I admit that years ago, I envied my brother because he could play the game that made my heart pound so hard in my chest. I settled with childish games of two hand touch with friends and flag football in P.E., but I relished in playing with my brother because he never held back. To him, I was his equal and in some way, I feel as if I made him stronger this way. Over the years, my envy turned into pride. Watching my brother go from the small, unsure child whose face showed his ever emotion to a man who handled the field as his own, gave me joy. I wasn’t alone either. My mother and father were there with me as his biggest fans. When he scored, we screamed. When he injured himself, we felt his pain. When he was cheated of a touchdown, we were yelling louder than the team was. Yet I feel as though I put in overtime. I was the one who heard his late night dreams of fame. I was the one who saw him at his weakest when he didn’t think he could do it. I was the one who caught the looks of dejection when others put him down. Its not easy to push someone back up again but if you want them to succeed, you put your heart in it.

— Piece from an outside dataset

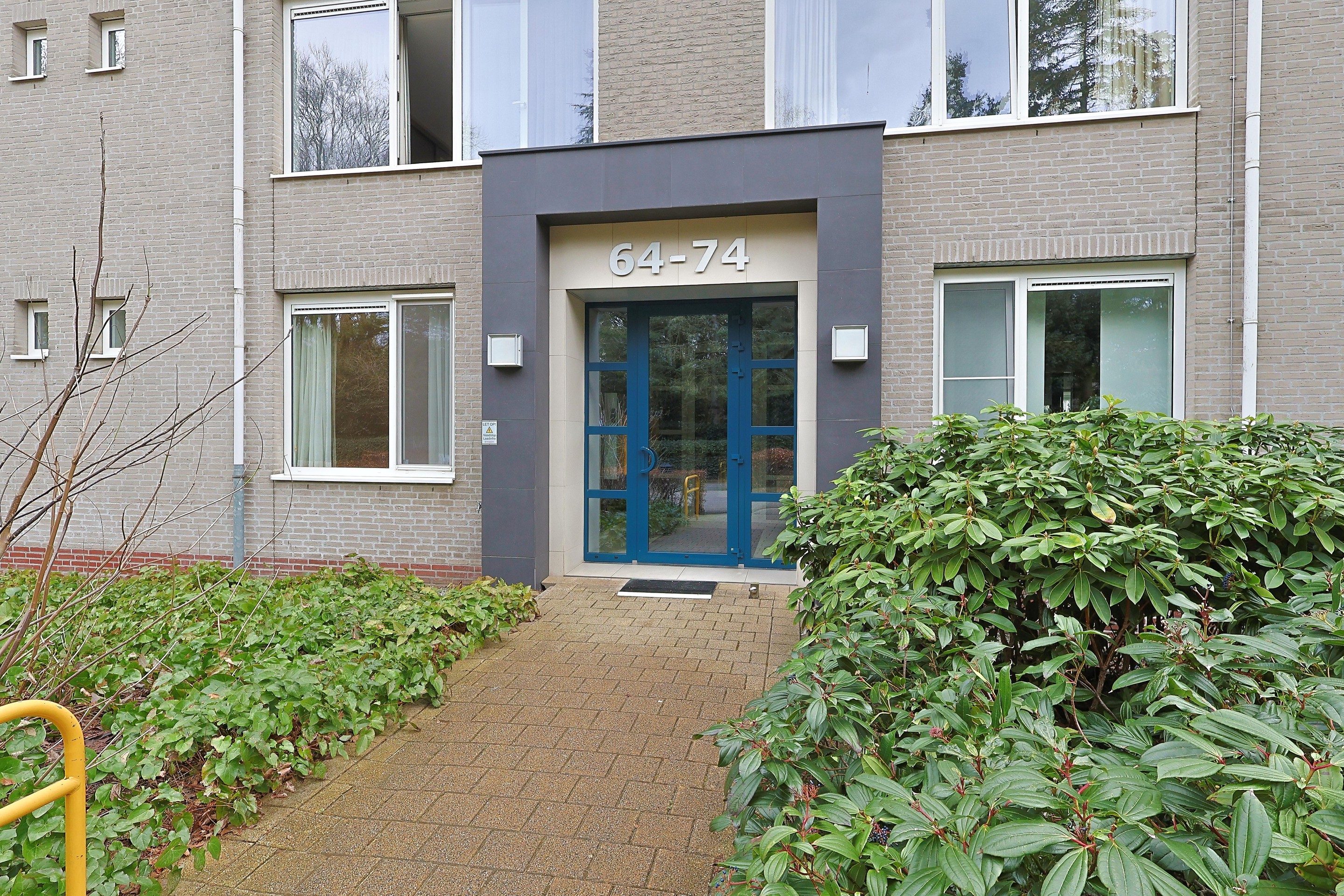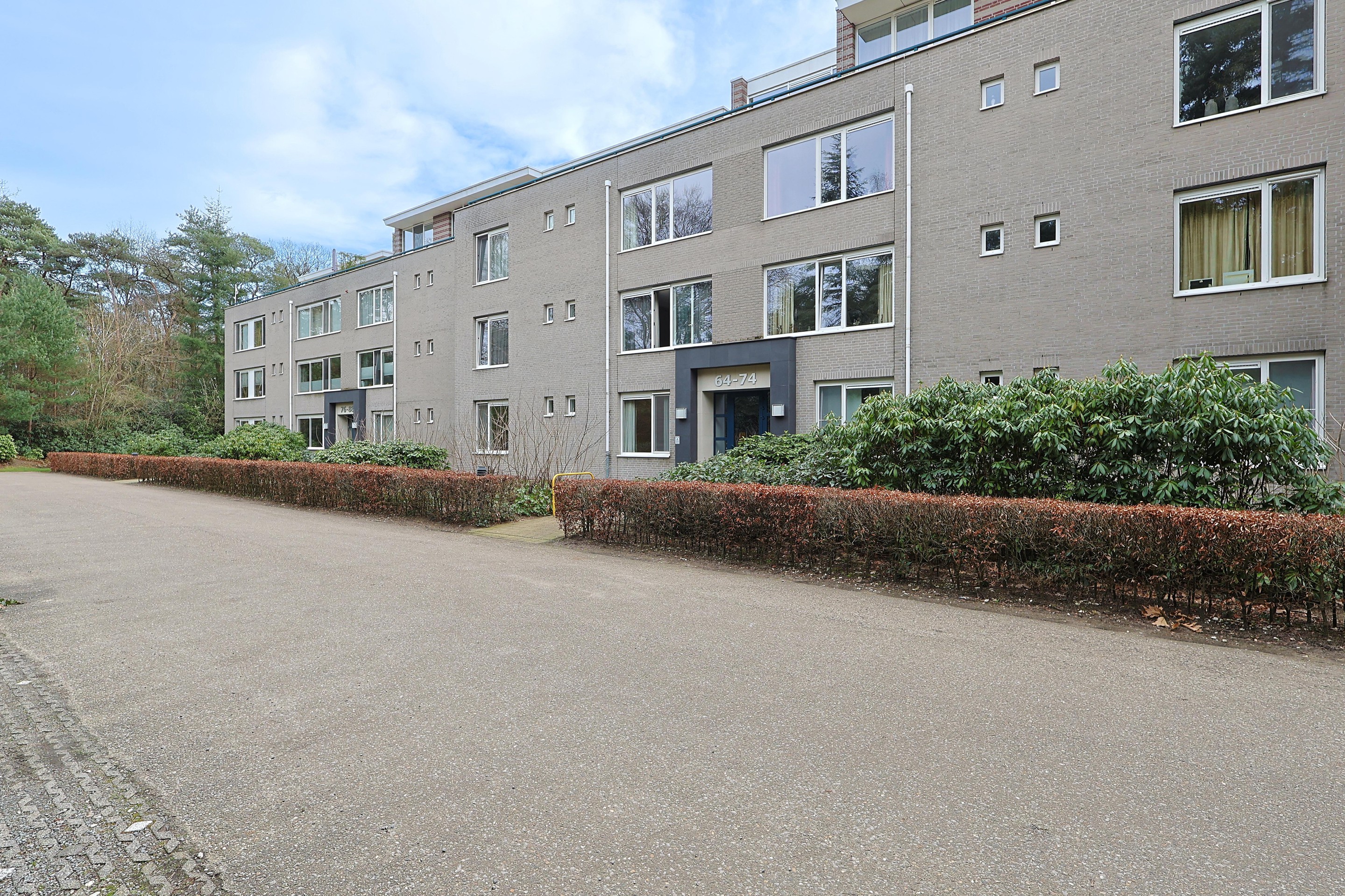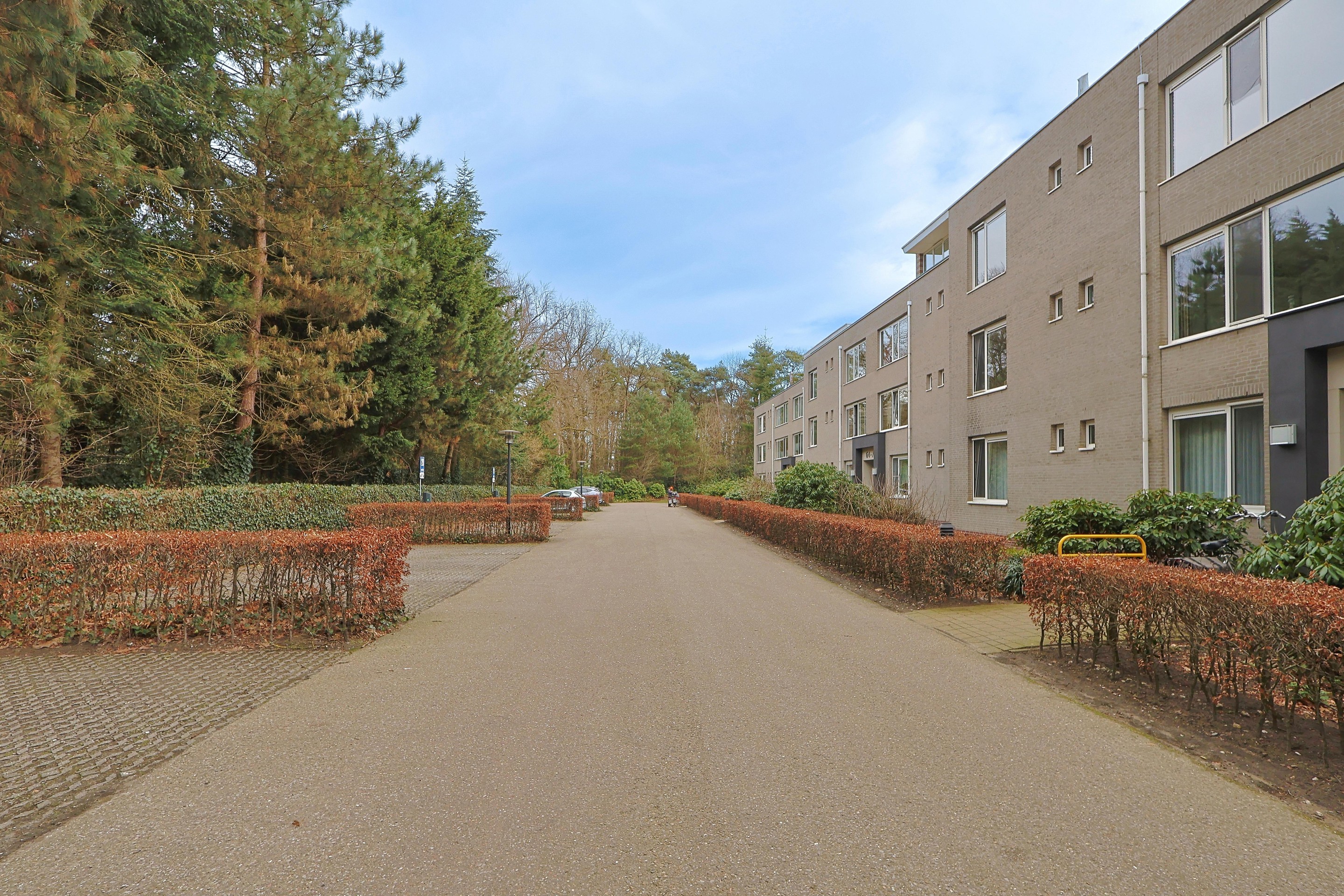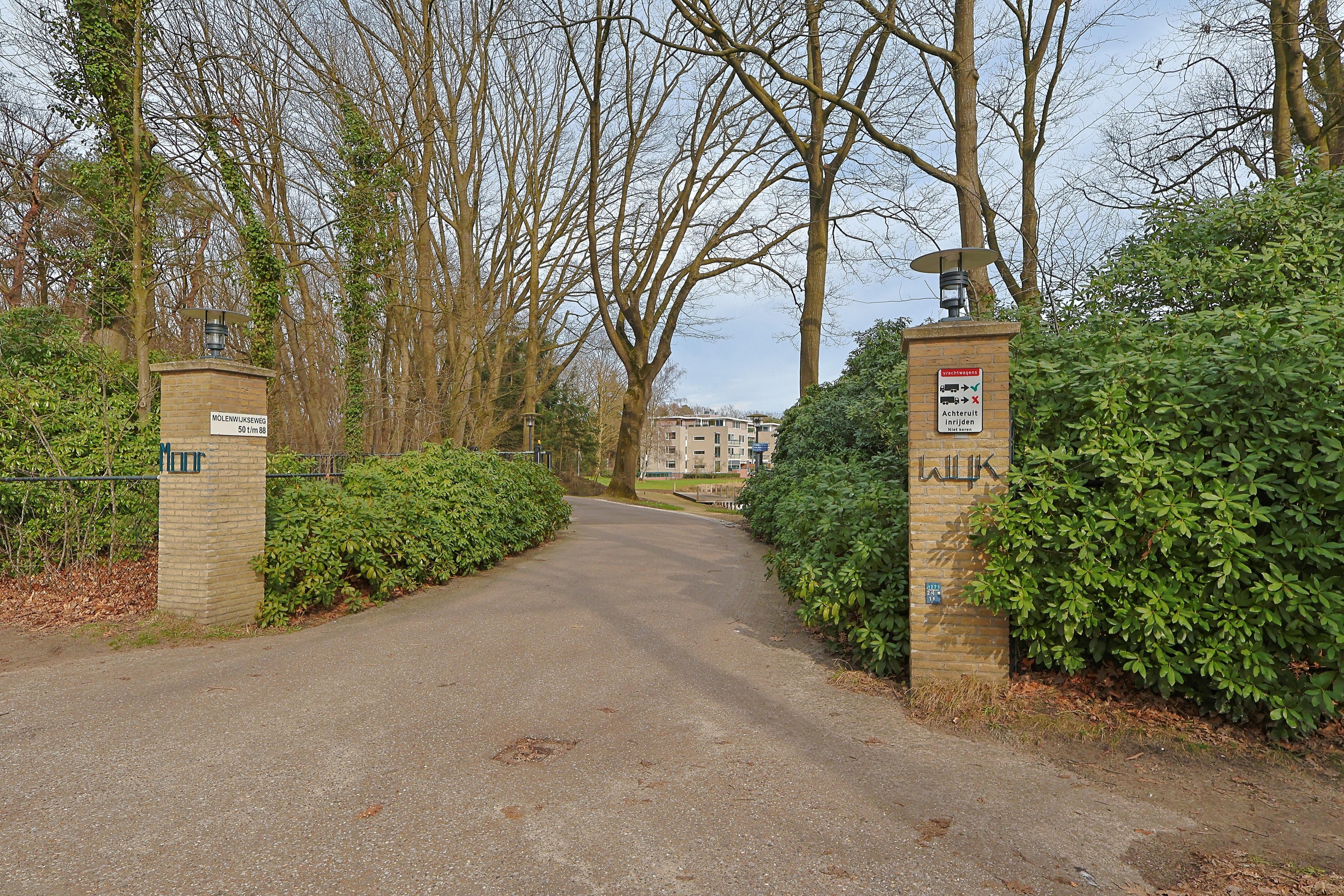 Via een boomrijke oprijlaan, afgesloten met een elektrische poort, bereikt u het complex. Direct voor het gebouw bevinden zich ruime bezoekersparkeerplaatsen, waaronder ook laadpunten voor elektrische auto’s.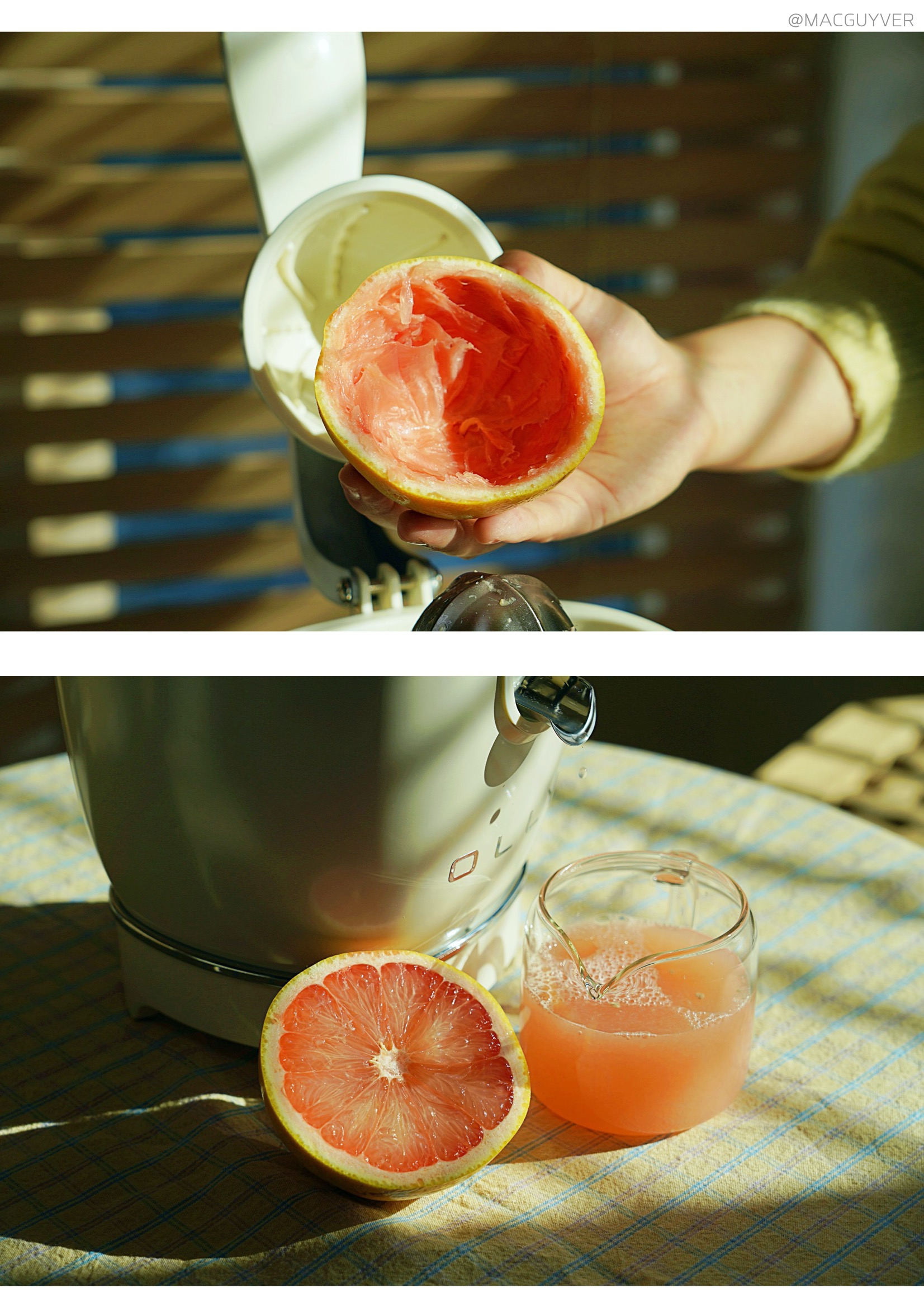 올리 스테인리스 착즙기로 레몬, 라임, 귤, 오렌지, 자몽 같은 과일을 착즙해봤어요. 일반적인 요리 재료로도 많이 쓰이는 레몬은 레몬착즙기를 이용해 샐러드드레싱부터 레몬에이드, 레몬 소주 같은 음료로도 즐길 수 있어서 가장 활용도가 높았던 것 같아요. 올리 과일착즙기로 착즙한 레몬즙을 얼려두면 탄산수를 부어서 언제든 레몬에이드를 마실 수 있고, 설탕이나 꿀과 섞어 레몬청으로 만들어두면 따뜻한 음료로도 즐길 수 있어요. 원액기로 오렌지 주스나 자몽 에이드도 신선한 과즙을 바로 마실 수 있다는 게 가장 큰 장점이었던 것 같아요. 덕분에 음료를 사서 먹기보다 직접 만들어 먹는 습관도 생겼는데요. 아마 과정이 번거로웠다면 착즙기 사용 빈도가 점점 줄었겠지만, 껍질을 벗기거나 손질하지 않아도 2등분만 하면 바로 착즙이 되니까 확실히 편하더라고요.

For now, the golden years of football are gone and life is setting in. We are both adults living in a world with a harsh reality. My dreams were stifled around my 18th birthday, only to be replaced with a somewhat realistic mindset. My brother on the other hand, still dreams big. This is both a blessing and a curse. It is a blessing since he still believes in everything he ever dreamed and holds true to his heart. This also keeps him light in a world that gets increasingly dark for us. Yet, it curses him since he refuses to see the truth in certain thing. He sees the one piece of the puzzle that fits him, but not the whole finished product. This aggravates me greatly, but I wouldn’t change this about him for the world as it is him. He is the dreamer, schemer and believer and I am the one who clings to reality and actuality. We’re different people and that works for us.

This post may seem random, but it has a purpose. Over the last few weeks, I have mulled over the different people in my life and how they affect me. During this, it came to my attention that my brother was the one who pulled the strongest emotion from me, whether it be our sibling affection or our angry fights that come out of nowhere. My brother knows that there are some things he does that makes me want to hit him, but there are also moments when I want to hug him so that he knows his sister is proud of him. We drive each other nuts to the point where we can’t be in the same room for lengths of time, but separation hurts the most. You can’t grow up with your own blood and not feel a pang when they’re gone for too long.

As I said before, we have both grown up now, but that doesn’t mean we don’t still remember. I may be 24 and about to graduate and he may be 21 and getting a feel for the adult life, but he will always be a boy of fall to me and himself. That’s not something you let go of fully and I don’t think he ever should.